> [What the task requires] Only the lines below between the one holding "所以,造假者需要清除9050" and the one holding "Детская карта мира", inclusive, are to be reproduced word for word; the pictures are to be left out.

> [Data provided]
-*-*-

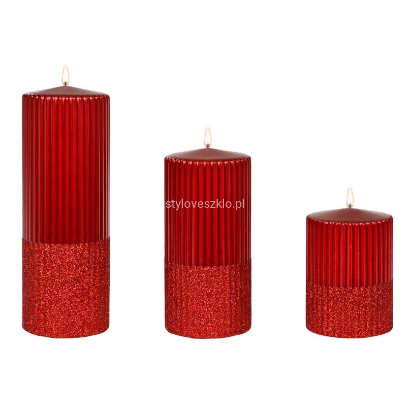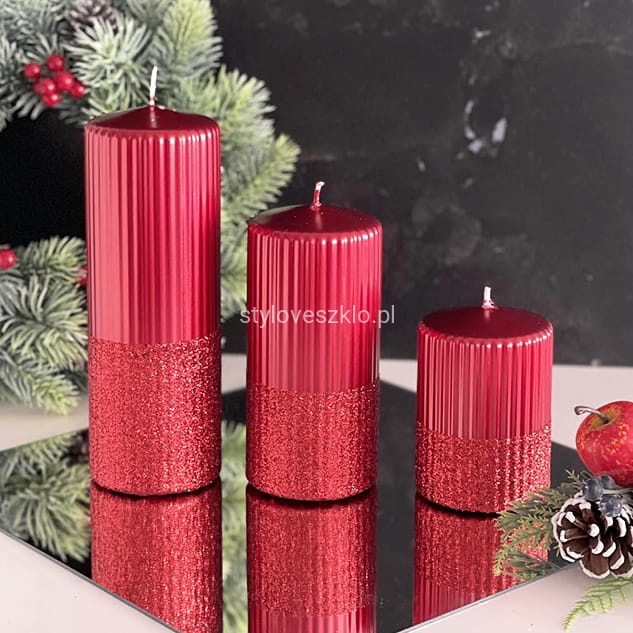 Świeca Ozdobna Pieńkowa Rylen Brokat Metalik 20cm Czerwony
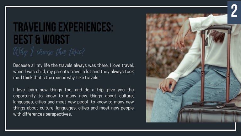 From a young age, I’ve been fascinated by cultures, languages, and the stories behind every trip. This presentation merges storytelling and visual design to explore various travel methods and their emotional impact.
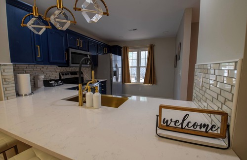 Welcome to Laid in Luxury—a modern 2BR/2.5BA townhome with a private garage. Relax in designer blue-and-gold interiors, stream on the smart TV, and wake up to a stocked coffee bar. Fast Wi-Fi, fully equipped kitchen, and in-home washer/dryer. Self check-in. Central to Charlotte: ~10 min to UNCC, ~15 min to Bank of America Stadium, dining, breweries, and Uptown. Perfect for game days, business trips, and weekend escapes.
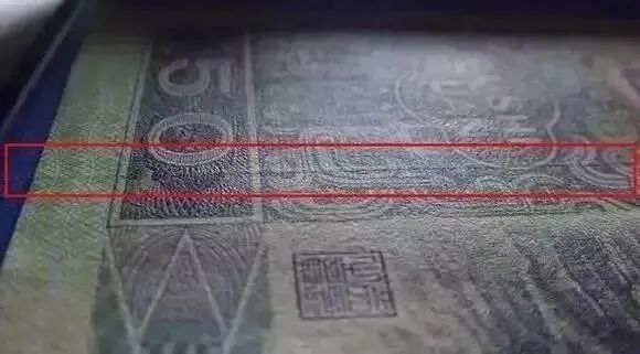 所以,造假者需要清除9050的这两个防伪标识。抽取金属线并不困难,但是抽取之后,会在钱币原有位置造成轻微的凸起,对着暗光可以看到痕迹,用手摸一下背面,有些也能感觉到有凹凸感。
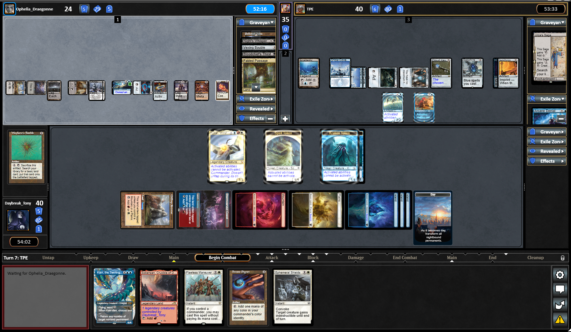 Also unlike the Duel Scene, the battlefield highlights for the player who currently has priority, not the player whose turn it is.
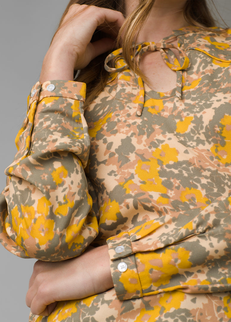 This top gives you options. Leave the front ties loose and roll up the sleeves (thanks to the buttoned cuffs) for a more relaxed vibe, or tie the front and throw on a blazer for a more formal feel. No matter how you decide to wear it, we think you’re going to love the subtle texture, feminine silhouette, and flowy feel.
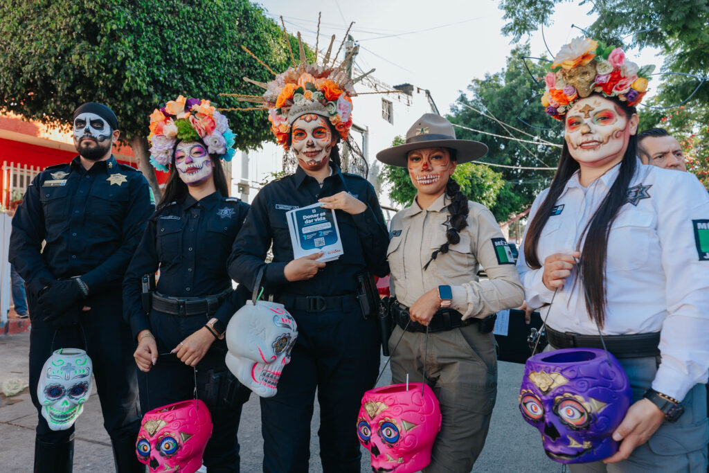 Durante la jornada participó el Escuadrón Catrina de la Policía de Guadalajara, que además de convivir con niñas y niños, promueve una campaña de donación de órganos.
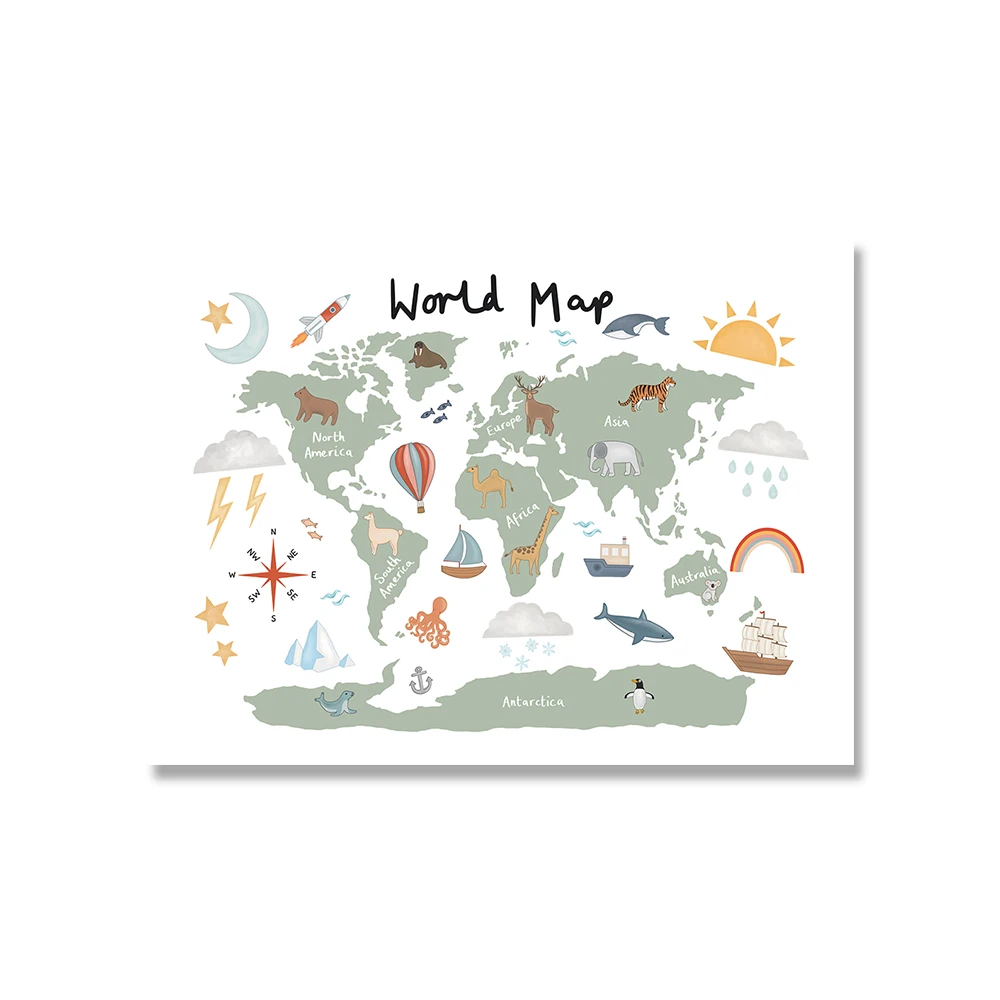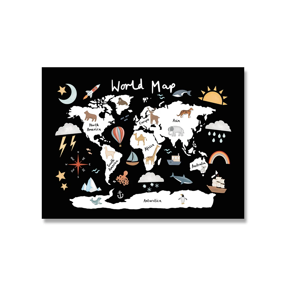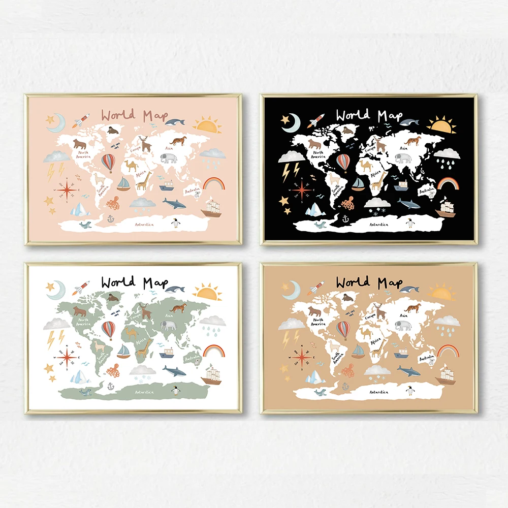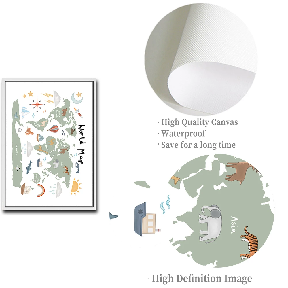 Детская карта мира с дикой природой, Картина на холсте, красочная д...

-*-*-

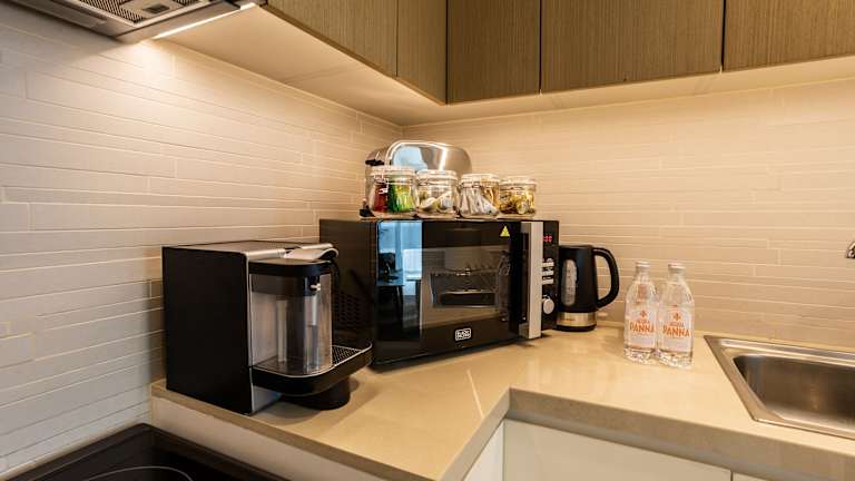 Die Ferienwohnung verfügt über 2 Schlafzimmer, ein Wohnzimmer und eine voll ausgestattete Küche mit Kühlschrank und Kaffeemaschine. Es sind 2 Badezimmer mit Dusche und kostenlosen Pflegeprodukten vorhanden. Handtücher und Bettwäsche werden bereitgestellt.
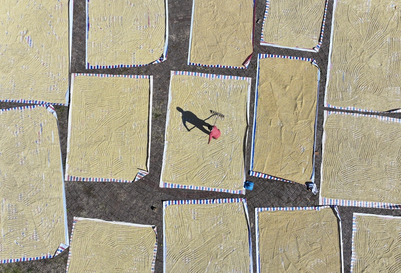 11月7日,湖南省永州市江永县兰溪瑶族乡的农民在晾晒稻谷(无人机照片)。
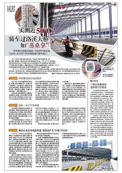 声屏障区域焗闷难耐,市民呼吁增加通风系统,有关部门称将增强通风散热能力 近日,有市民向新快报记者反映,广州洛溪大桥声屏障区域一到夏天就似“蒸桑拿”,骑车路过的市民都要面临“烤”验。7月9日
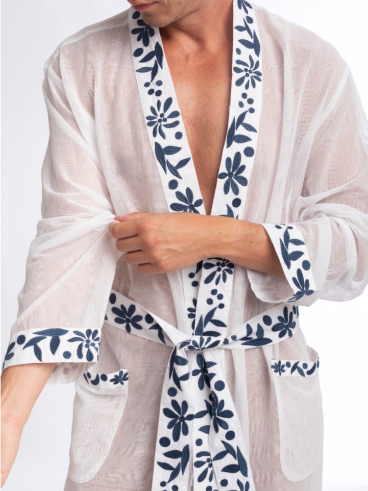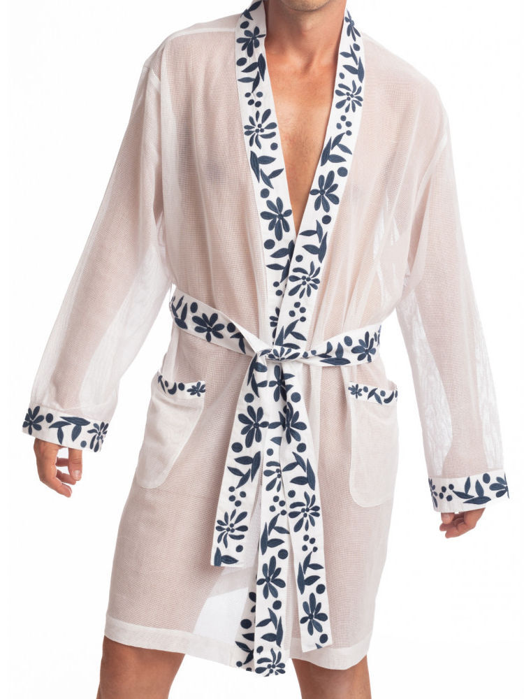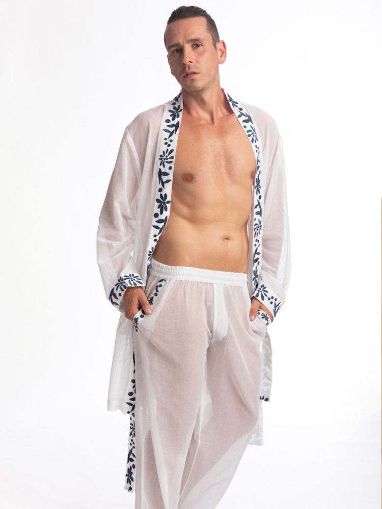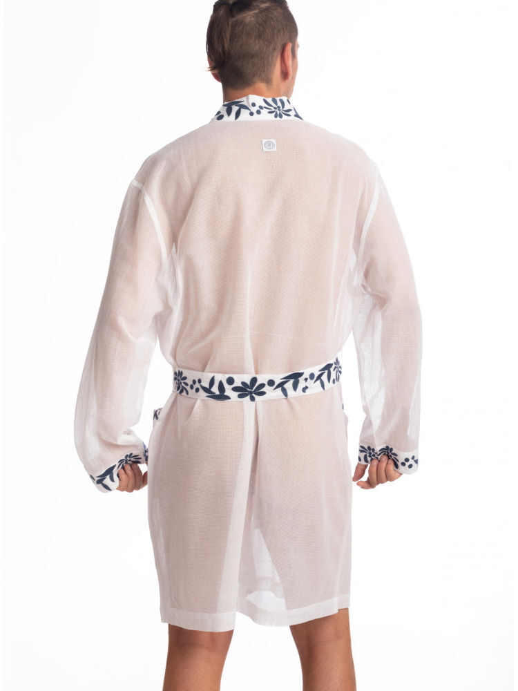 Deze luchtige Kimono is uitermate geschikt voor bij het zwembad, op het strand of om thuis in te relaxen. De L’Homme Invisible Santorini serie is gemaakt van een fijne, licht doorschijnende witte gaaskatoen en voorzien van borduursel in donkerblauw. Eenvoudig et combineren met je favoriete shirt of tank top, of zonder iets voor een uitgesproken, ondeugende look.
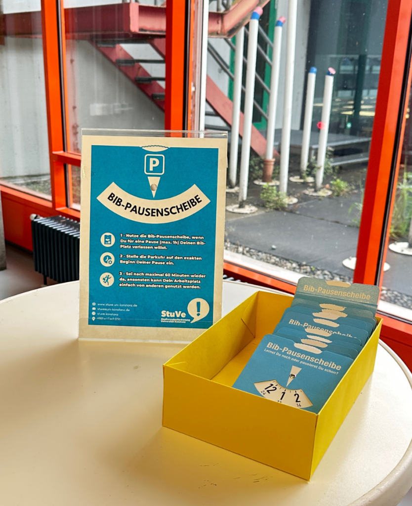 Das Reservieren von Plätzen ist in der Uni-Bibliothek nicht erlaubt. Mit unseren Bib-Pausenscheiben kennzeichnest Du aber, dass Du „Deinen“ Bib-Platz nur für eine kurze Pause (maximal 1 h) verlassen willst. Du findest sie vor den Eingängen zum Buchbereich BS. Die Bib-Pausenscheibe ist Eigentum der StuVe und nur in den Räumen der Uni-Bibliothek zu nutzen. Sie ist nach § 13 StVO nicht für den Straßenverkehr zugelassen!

-*-*-

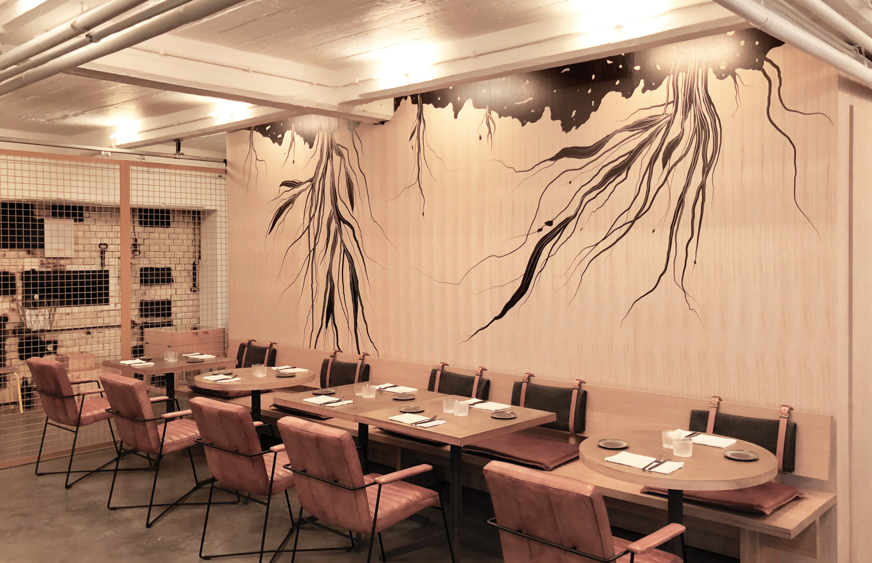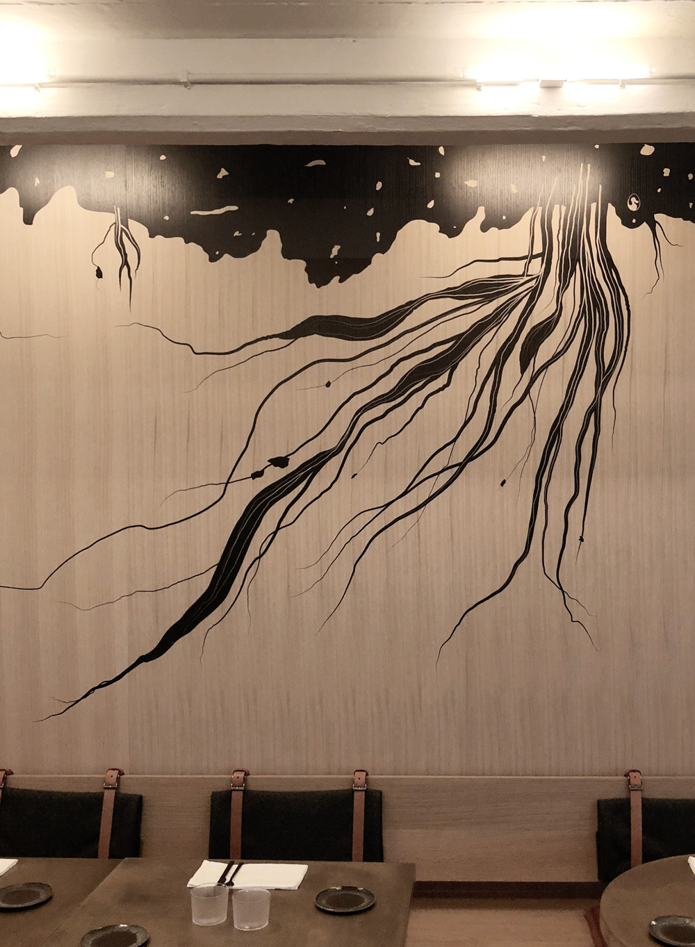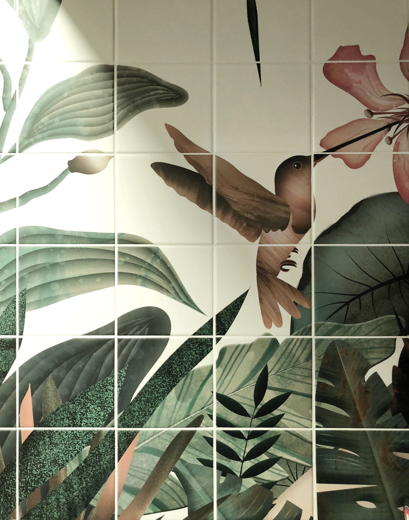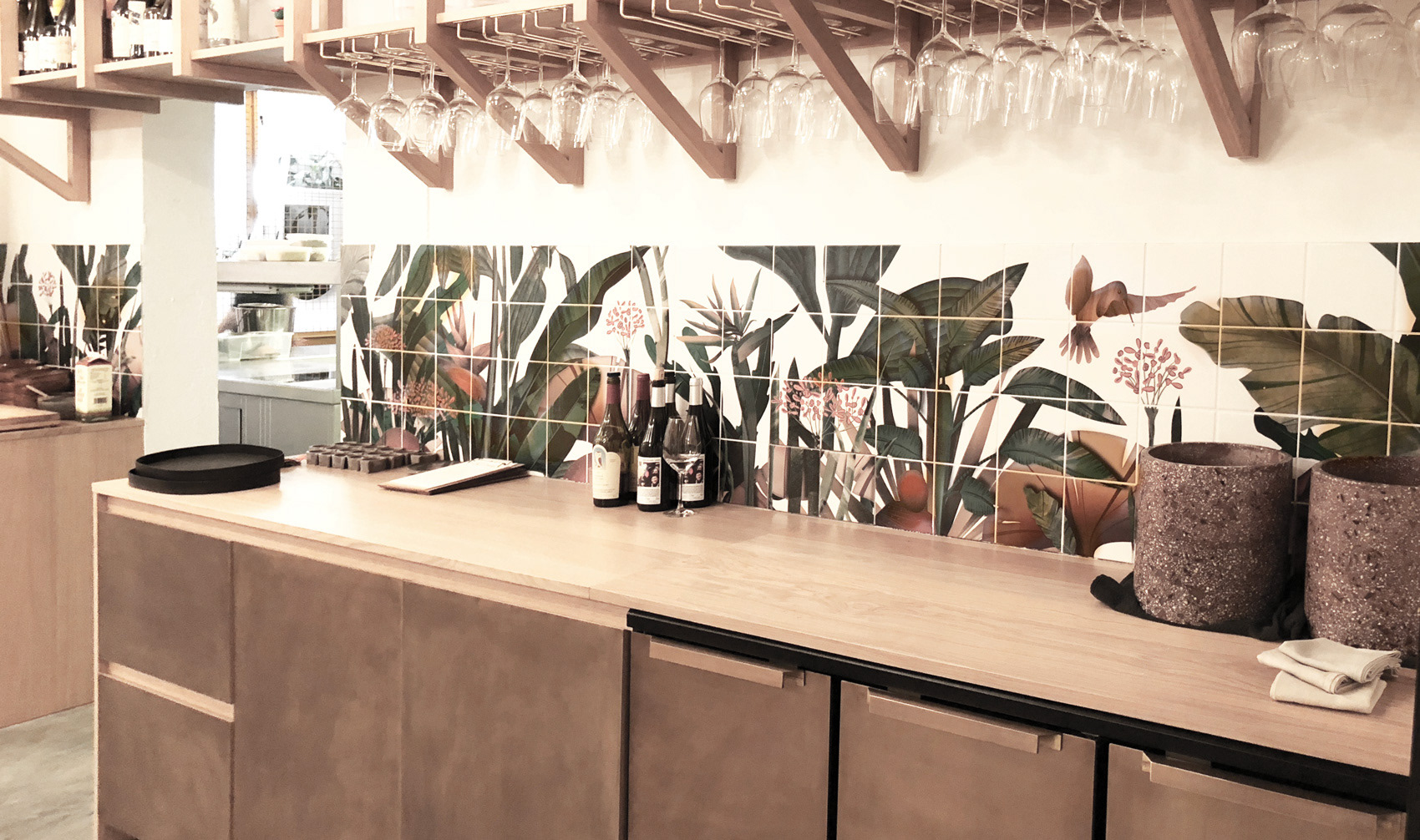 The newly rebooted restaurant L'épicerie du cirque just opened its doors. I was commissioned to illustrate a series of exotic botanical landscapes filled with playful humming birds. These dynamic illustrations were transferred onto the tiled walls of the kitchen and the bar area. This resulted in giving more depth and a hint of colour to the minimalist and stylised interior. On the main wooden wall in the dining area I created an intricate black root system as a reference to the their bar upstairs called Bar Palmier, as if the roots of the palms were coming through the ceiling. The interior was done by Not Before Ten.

-*-*-

> [Answer to this problem]
 所以,造假者需要清除9050的这两个防伪标识。抽取金属线并不困难,但是抽取之后,会在钱币原有位置造成轻微的凸起,对着暗光可以看到痕迹,用手摸一下背面,有些也能感觉到有凹凸感。
 Also unlike the Duel Scene, the battlefield highlights for the player who currently has priority, not the player whose turn it is.
 This top gives you options. Leave the front ties loose and roll up the sleeves (thanks to the buttoned cuffs) for a more relaxed vibe, or tie the front and throw on a blazer for a more formal feel. No matter how you decide to wear it, we think you’re going to love the subtle texture, feminine silhouette, and flowy feel.
 Durante la jornada participó el Escuadrón Catrina de la Policía de Guadalajara, que además de convivir con niñas y niños, promueve una campaña de donación de órganos.
 Детская карта мира с дикой природой, Картина на холсте, красочная д...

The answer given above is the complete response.